> _What you should do_
Print, please, exactly the lines from the one with "主程序作時間片及事件的觸發條" through the final line of the data below, with both ends included and the pictures left out.

> _Data section_
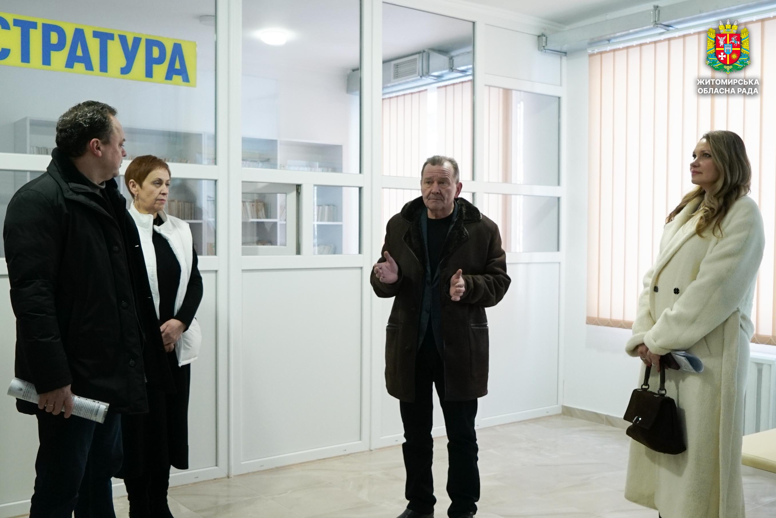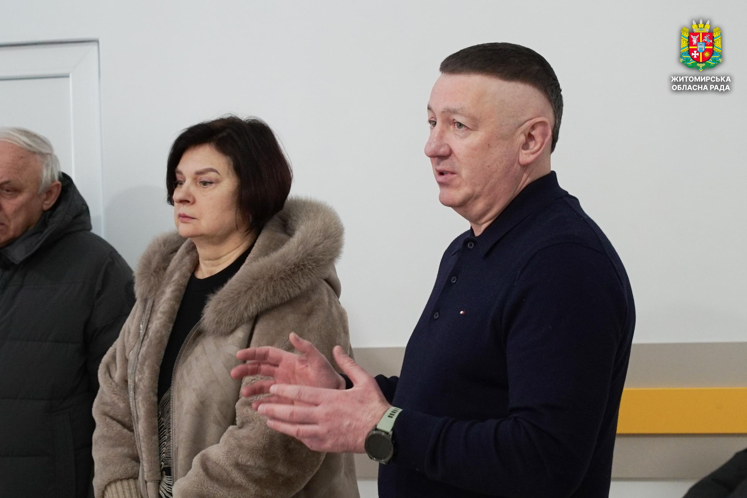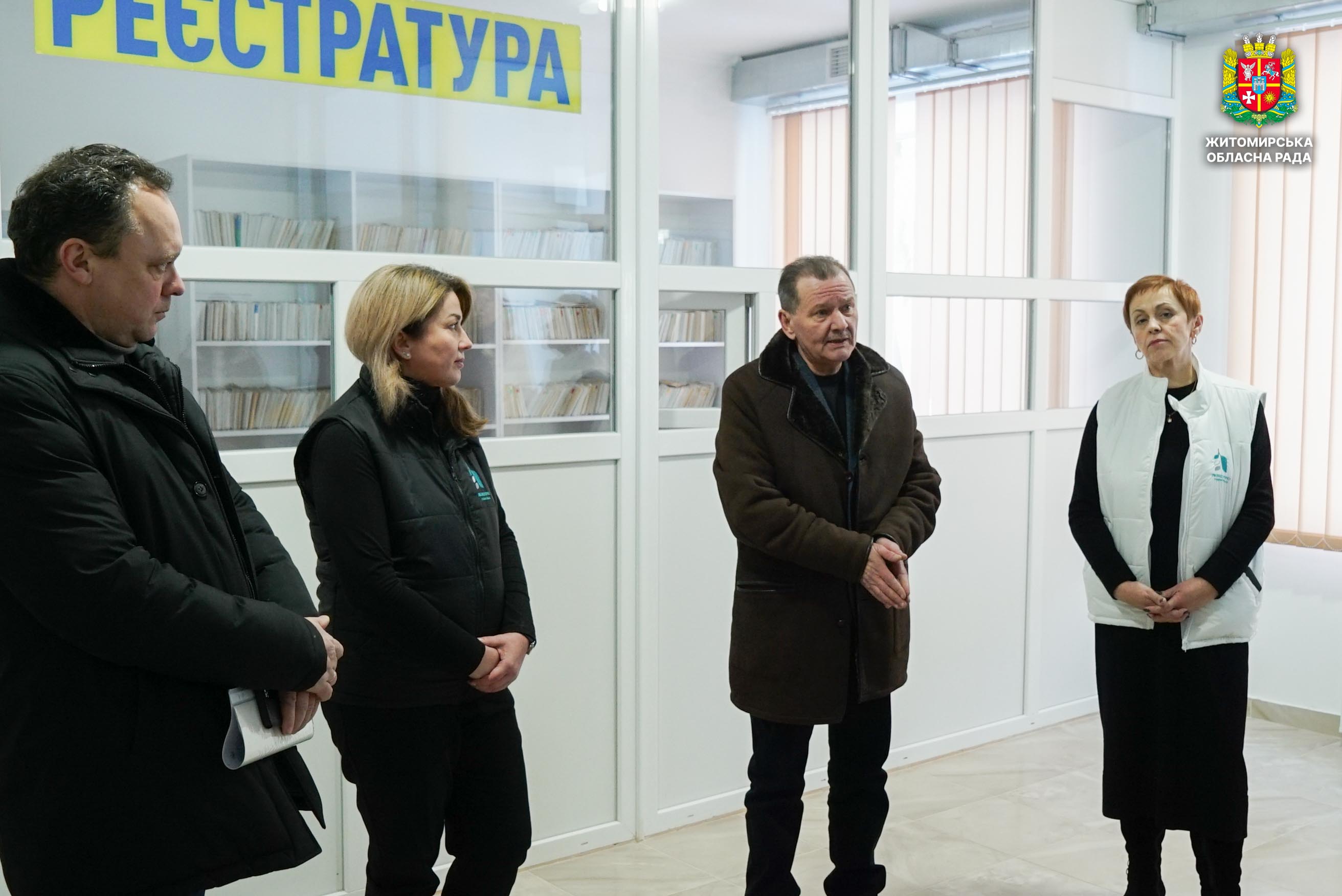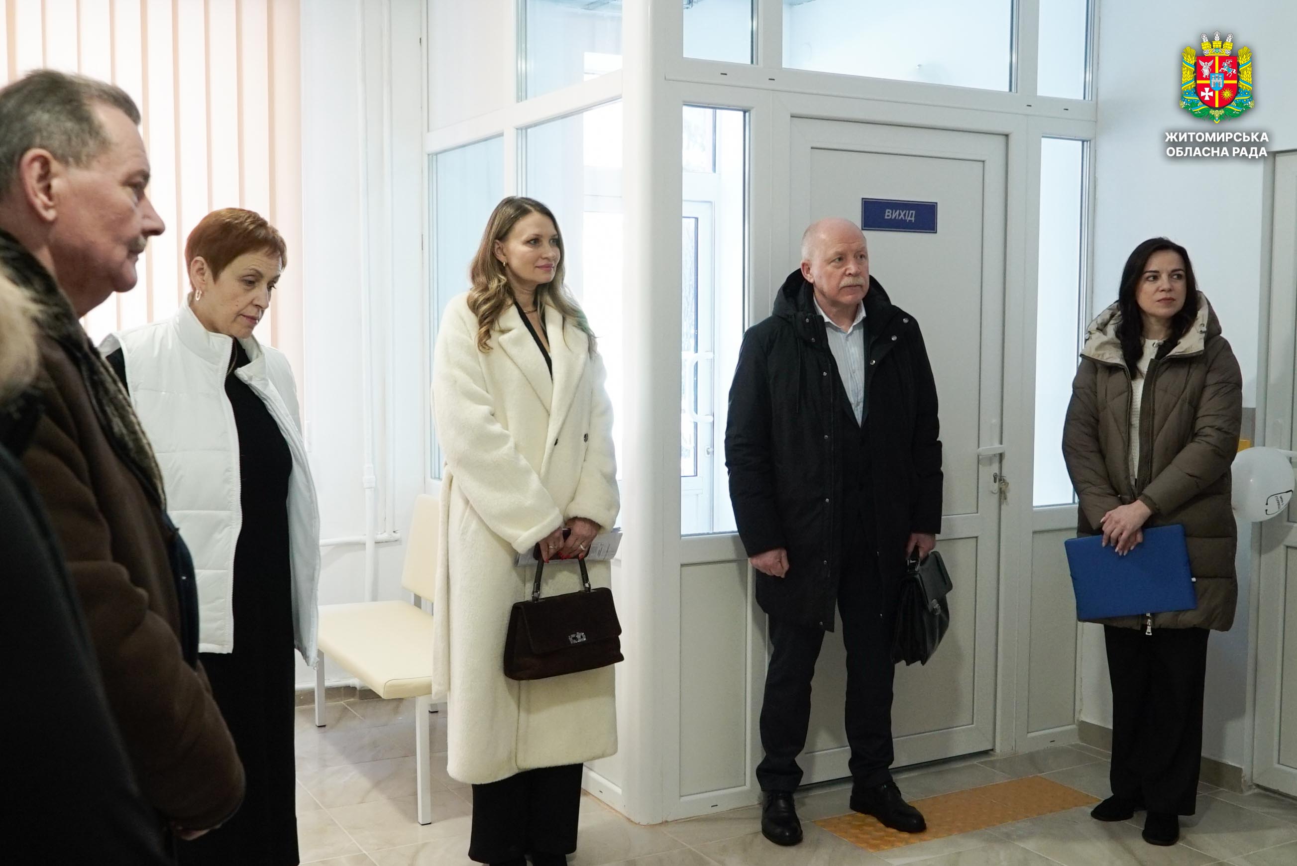 В обласному протитуберкульозному диспансері відкрили оновлене диспансерне відділення 10 лютого в КНП «Обласний протитуберкульозний диспансер» Житомирської обласної ради відбулося відкриття диспансерного відділення для амбулаторного прийому дорослих і дітей у приміщенні на базі закладу. У заході взяли участь депутат Житомирської обласної ради Олександр Дмитрук, начальниця Департаменту охорони здоров’я Житомирської ОВА, депутатка обласної ради Валентина Донець, керуючий справами виконавчого апарату обласної ради Віктор Назар, завідувачка відділу управління та протидії туберкульозу Державної установи «Центр громадського здоров’я МОЗ України» Яна Терлєєва, генеральний директор Державної установи «Житомирський обласний центр контролю та профілактики хвороб Міністерства охорони здоров'я України» Олександр Шпита, керівництво закладу та медичні працівники. Як зазначив директор КНП «Обласний протитуберкульозний диспансер» Віталій Дідик, розміщення відділення на території закладу дозволяє покращити організацію амбулаторного прийому та забезпечити пацієнтам можливість проходити всі необхідні обстеження й отримувати медичну допомогу в одному місці. Фінансування робіт з капітального ремонту та реконструкції відділення здійснювалося коштом обласного бюджету та Національної служби здоров’я України. Загальна вартість проєкту склала близько 8 млн гривень. Відділення оснащене новими меблями та медичним обладнанням. Створені комфортні умови для прийому пацієнтів і роботи медичного персоналу. «Оновлене відділення — це ще один крок до забезпечення жителів Житомирщини сучасною, доступною та якісною медичною допомогою»,— зазначив депутат Житомирської обласної ради Олександр Дмитрук. Простір відділення поділено на три функціональні зони: зону для медичних працівників, а також дві окремі зони для прийому дорослих і дітей, що дозволяє розмежувати потоки пацієнтів. За словами директора закладу Віталія Дідика, пацієнт має можливість у день звернення пройти комплексне обстеження. У закладі проводяться ультразвукові дослідження, бронхоскопія, лабораторні аналізи, а лікування призначається з першого дня. Пропускна спроможність відділення становить до 100 відвідувачів за одну зміну. Як повідомив Віталій Дідик, у 2025 році диспансер прийняв близько 8 тисяч відвідувачів, з них 560 — діти. Туберкульоз було діагностовано у 680 пацієнтів, з яких 14 діти. За результатами аналізу, проведеного експертами Державної установи «Центр громадського здоров’я МОЗ України» у 2024 році, Житомирщина посідає одну із лідерських позицій в Україні щодо якості медичної допомоги при туберкульозі. Окрім того, колектив обласного протитуберкульозного диспансеру отримав подяку від Центру громадського здоров’я МОЗ України за покращення якості медичної допомоги, злагоджену діяльність та координацію заходів із подолання туберкульозу. Завдяки цій роботі жителі області мають змогу отримувати високоякісні послуги з профілактики, діагностики та лікування цієї хвороби. Завідувачка відділу управління та протидії туберкульозу Державної установи «Центр громадського здоров’я МОЗ України» Яна Терлєєва високо оцінила професійну роботу команди закладу, Житомирської обласної ради та Департаменту охорони здоров’я ОВА у напрямку профілактики, вия
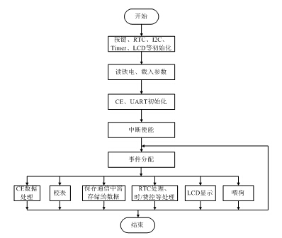主程序作時間片及事件的觸發條件來管理各個不同的功能模塊。主程序軟件流程如圖2所示。
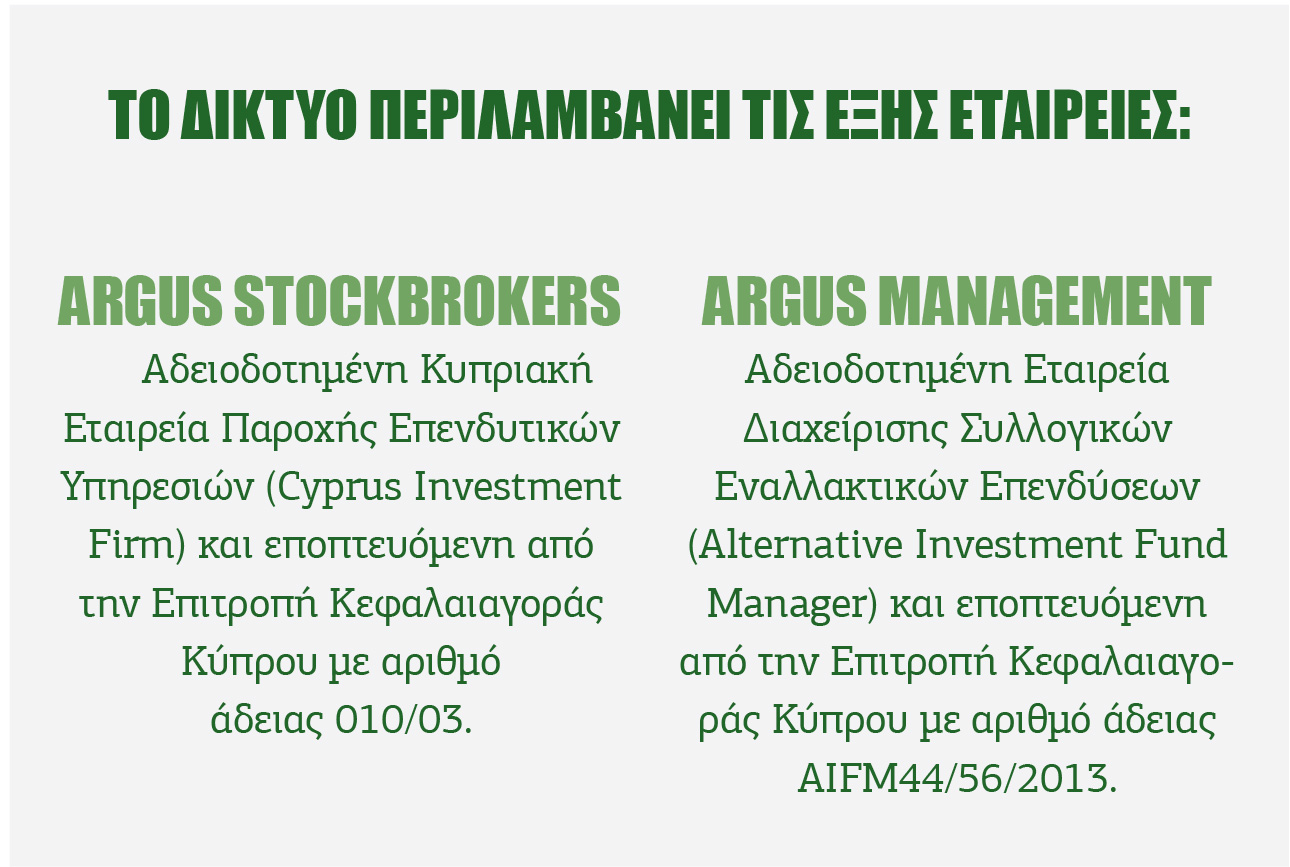 Η ARGUS αποτελεί ένα δίκτυο εποπτευόμενων εταιρειών που δραστηριοποιούνται στον τομέα των Χρηματοοικονομικών Υπηρεσιών, ενοποιημένων υπό το εμπορικό σήμα της ARGUS. Κάθε οντότητα ρυθμίζεται ανεξάρτητα βάσει του δικού της εποπτικού πλαισίου, διασφαλίζοντας πλήρη συμμόρφωση με τις εκάστοτε τοπικές νομικές και εποπτικές απαιτήσεις, ενώ ταυτόχρονα τηρεί τις κοινές αξίες, τα πρότυπα και τις αρχές εταιρικής διακυβέρνησης που χαρακτηρίζουν την ταυτότητα της ARGUS.
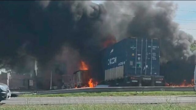 A magnitude do impacto gerou uma coluna de fumaça visível por vários quilômetros e o colapso total do trânsito nos dois sentidos. As equipes de emergência pediram aos motoristas que evitassem a área e deixassem a estrada aberta para ambulâncias e caminhões-pipa.
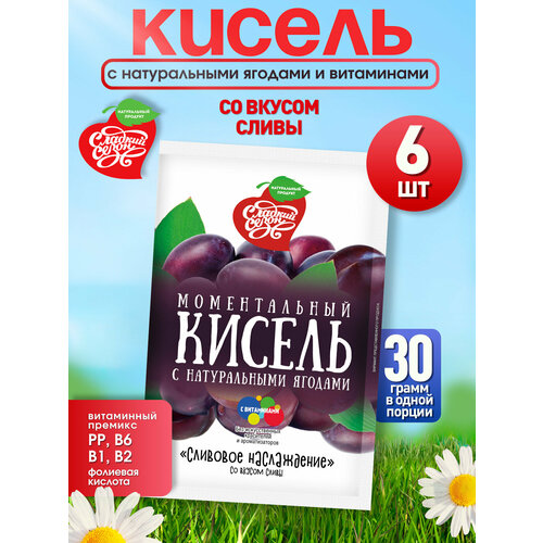 Кисель Сладкий Сезон, со вкусом сливы, 6шт. по 30гр, быстрого приготовления в пакетиках, с витаминами
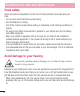 • • • • If you need to replace the battery, take it to the nearest authorised LG Electronics service point or dealer for assistance. Always unplug the charger from the wall socket after the phone is fully charged to save unnecessary power consumption of the charger. Actual battery life will depend on network configuration, product settings, usage patterns, battery and environmental conditions. Make sure that no sharp-edged items such as animal’s teeth or nails, come into contact with the battery.
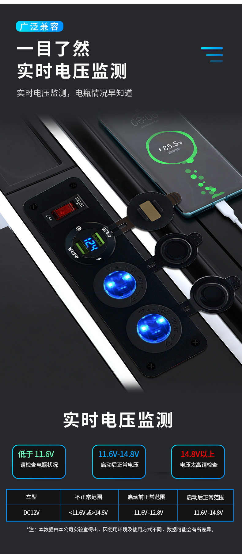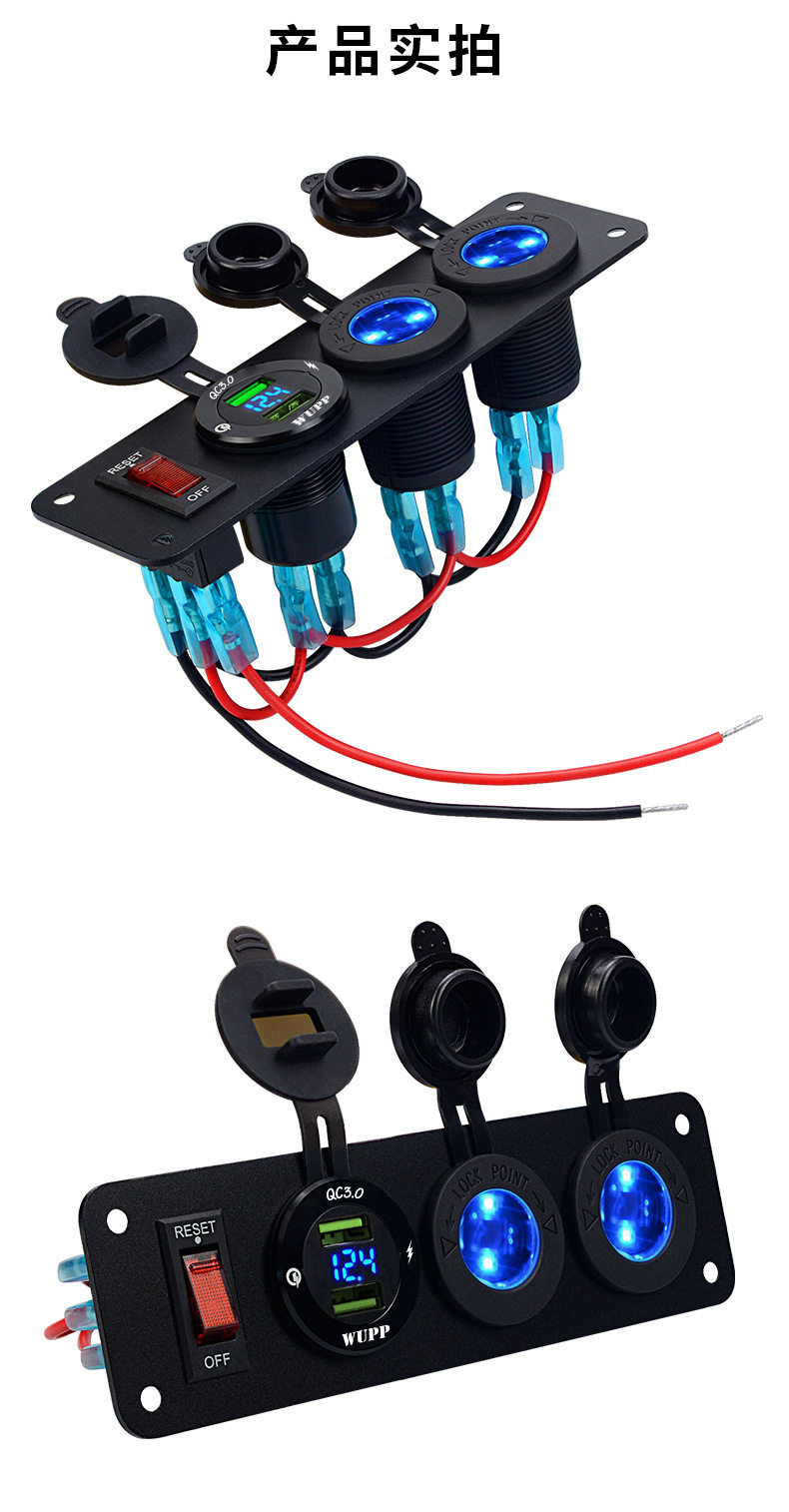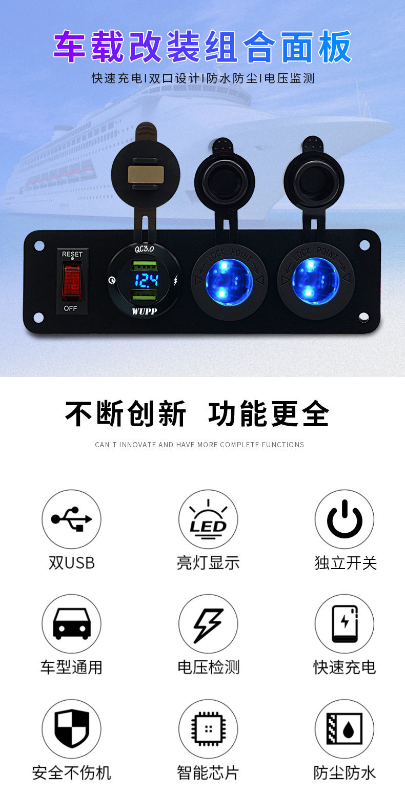 Car central control modified car single QC3.0 mobile phone charger digital display voltage with light double electric seat 12v combination

> _The completed task_
主程序作時間片及事件的觸發條件來管理各個不同的功能模塊。主程序軟件流程如圖2所示。
 Η ARGUS αποτελεί ένα δίκτυο εποπτευόμενων εταιρειών που δραστηριοποιούνται στον τομέα των Χρηματοοικονομικών Υπηρεσιών, ενοποιημένων υπό το εμπορικό σήμα της ARGUS. Κάθε οντότητα ρυθμίζεται ανεξάρτητα βάσει του δικού της εποπτικού πλαισίου, διασφαλίζοντας πλήρη συμμόρφωση με τις εκάστοτε τοπικές νομικές και εποπτικές απαιτήσεις, ενώ ταυτόχρονα τηρεί τις κοινές αξίες, τα πρότυπα και τις αρχές εταιρικής διακυβέρνησης που χαρακτηρίζουν την ταυτότητα της ARGUS.
 A magnitude do impacto gerou uma coluna de fumaça visível por vários quilômetros e o colapso total do trânsito nos dois sentidos. As equipes de emergência pediram aos motoristas que evitassem a área e deixassem a estrada aberta para ambulâncias e caminhões-pipa.
 Кисель Сладкий Сезон, со вкусом сливы, 6шт. по 30гр, быстрого приготовления в пакетиках, с витаминами
 • • • • If you need to replace the battery, take it to the nearest authorised LG Electronics service point or dealer for assistance. Always unplug the charger from the wall socket after the phone is fully charged to save unnecessary power consumption of the charger. Actual battery life will depend on network configuration, product settings, usage patterns, battery and environmental conditions. Make sure that no sharp-edged items such as animal’s teeth or nails, come into contact with the battery.
 Car central control modified car single QC3.0 mobile phone charger digital display voltage with light double electric seat 12v combination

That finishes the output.